Search for Tonganoxie city water leak leads to historical discovery
City workers’ recent search for a water leak in downtown Tonganoxie revealed a much more interesting discovery.
Public works department officials noticed water at Fourth and Delaware streets during the past couple months, but they weren’t sure where it was coming from.
Initially city officials thought springs throughout the city were the source, said City Superintendent Kent Heskett. But tests found that there was chlorine in the water — an indication it was treated water coming from the city’s water system.
“It came to a point we had to dig,” Heskett said.
Crews dug into the intersection, but couldn’t find the leak. What they did find: a 12-foot by 16-foot cistern that city officials believe dates to the 1880s.
According to an article in a 1927 issue of The Mirror, cisterns, or watertight receptacles used for storing water underground, and individual wells first furnished the city’s water supply. In 1883-84, according to the article, two cisterns were dug in the middle of the street for fire protection. In 1883, workers drilled a test well that went to a depth of 885 feet, the article said.
The cistern at Fourth and Delaware is thought to be the original.
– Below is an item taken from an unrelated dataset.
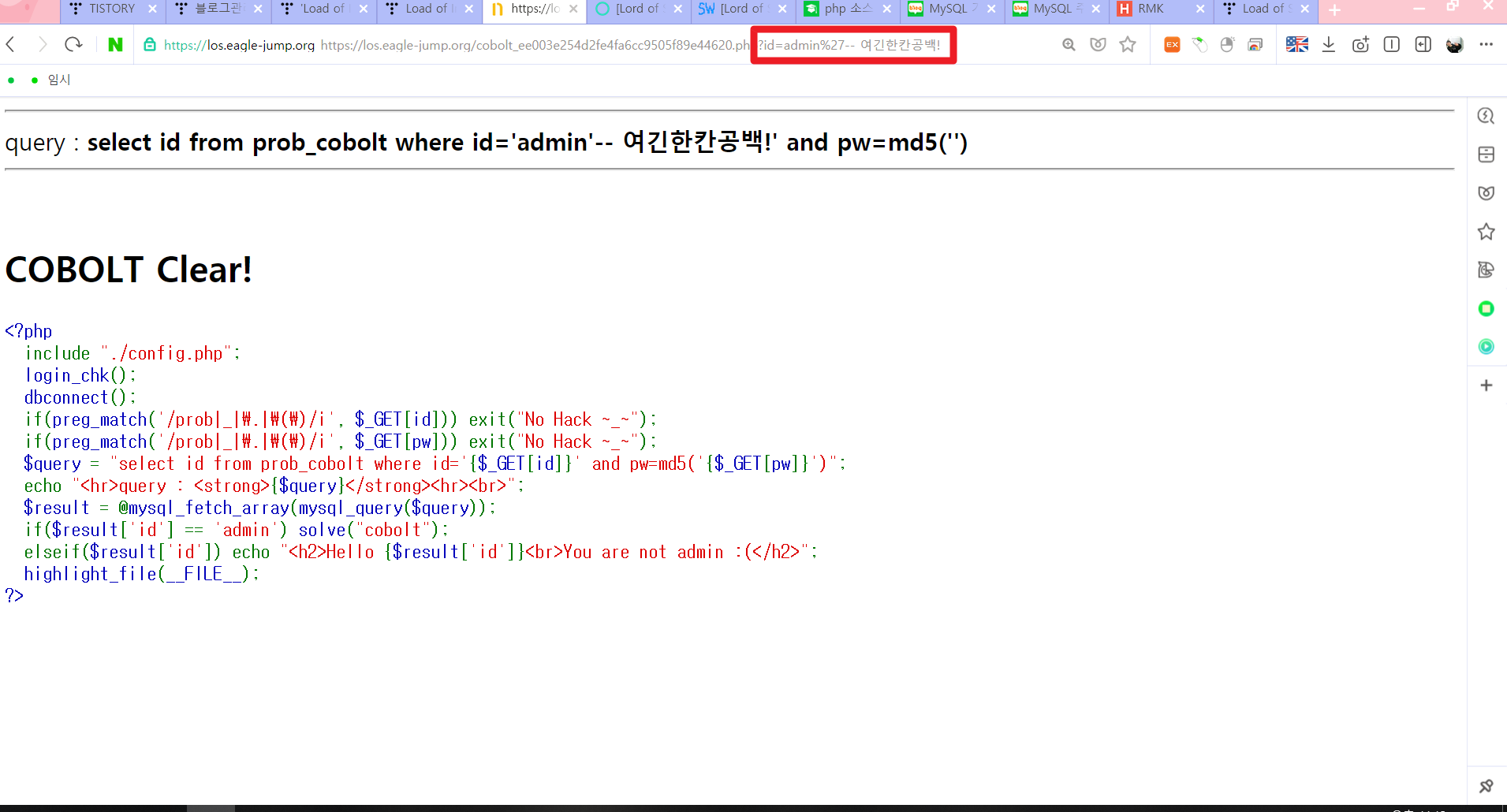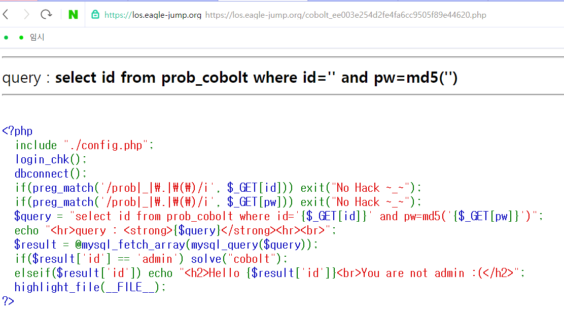 이번엔 2단계 cobolt이다 1단계와 비슷하게 id와 pw 값에 prob, _(언더바) , ( ) 가 오면 No Hack ~_~ 가 뜬다..

State regulation requires they be filled once they are exposed. Crews filled it with bricks from the cistern and sand, topping it with flow fill, a concrete material.
“I just think it’s a good idea anyway,” Heskett said. “Once it’s exposed, it’s a good idea to fill them at an intersection like that.”
Heskett said he knew before digging that the cistern was under the intersection, he just wasn’t sure exactly where.
The leak’s origin still remained a mystery, but the culprit, a broken drain tile under the sidewalk just west of the intersection, was found with help from the Kansas Rural Water Association.
The association has a leak detector that got to within 6 inches of the actual leak, which was in front of Robin Jones’ Farm Bureau Insurance office.
Crews tended to another water leak last week south of U.S. Highway 24-40 and Smiley Road.
Heskett said the dry ground was to blame for that leak.
“It pulled a water fitting lose from the pipe,” he said.